The operating state of the one-sided detailed expansion circuit is succeeded to the scene of inspecting the second inspection stripe 17. The third inspection stripe 18 in which the writing stripe straddles functions as follows.

As described above, the general expansion circuit 3 can be operated by using the data memory and the pointer memory to which the bus is connected even when one of the detailed expansion circuits is operating. In other words, even after the detailed expansion circuit 5 is operating after the general expansion processing of the first drawing stripe 14, the second drawing stripe data 14 stored in the second data memory 14 is stored.
Can be processed and written to the second pointer memory 30. At this time, the general development circuit 3 recognizes the positions 24 and 25 at which the inspection stripe is cut out from the second drawing stripe 15 by the cut-out information 11 by means such as a command.

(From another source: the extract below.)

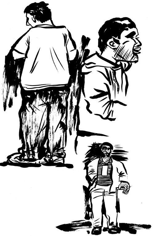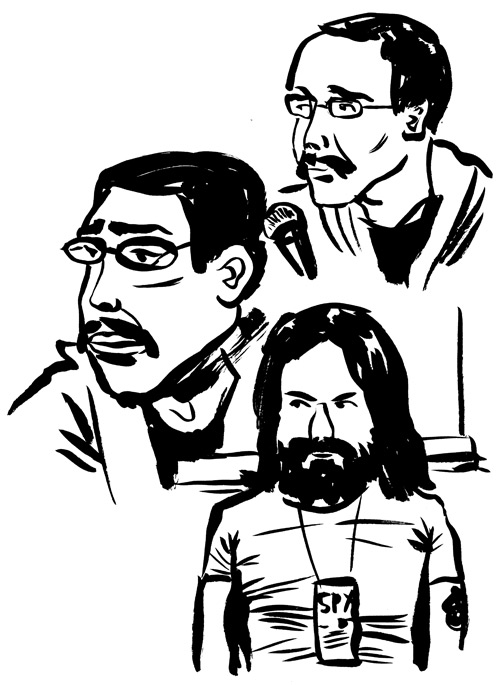 I also thoroughly flickr photo-documented my recent SPX attendance, the Bethesda, Maryland comic convention. I don’t have too much more to add except some sketches from the weekend, mostly from “The New Action” panel, with Shawn Cheng (the one person I couldn’t manage to draw, wtf?), Benjamin Marra (super easy to draw), Frank Santoro (who I made look like V) and Kazimir Strzepek (also kind of difficult to draw).

The general expansion circuit 3 assigns the pointer for the third check stripe 3 to the first bank 40 of the second pointer memory 30, and similarly the pointers for the fourth and fifth check stripes to the first bank 40. It outputs to the second and third banks 41 and 42.

At the time when the general development processing of the second drawing stripe 15 is completed, there is a stripe crossing third
The pointers for the inspection stripes 18 are distributed and stored in the third bank 10 of the first stack pointer and the first bank of the second stack pointer.

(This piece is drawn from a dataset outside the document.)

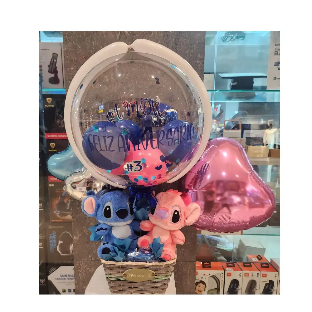 Arreglo temático de peluches de Stitch para celebrar fechas especiales: combinación única de ternura, originalidad y detalle artesanal que convierte cualquier ocasión en un recuerdo inolvidable para niños y adultos.

When inspecting the third inspection stripe 18, the following procedure is performed. The bank specification information 1 is used as a command for accessing the third bank of the first pointer memory 4 and the first data memory 1 to the first detailed expansion circuit 5.
2 is sent, and the bank specification information 32 is sent as a command to access the first bank 40 of the second pointer memory 30 and the second data memory 2 to the second detailed expansion circuit 31. Set the situation and activate each detail expansion circuit. The arbiter 43 has two detailed expansion circuits 5 and 3.
The graphic data from 1 is received, the order is judged according to items such as x or y coordinates, and the figure data is output to the bit image generating means 6.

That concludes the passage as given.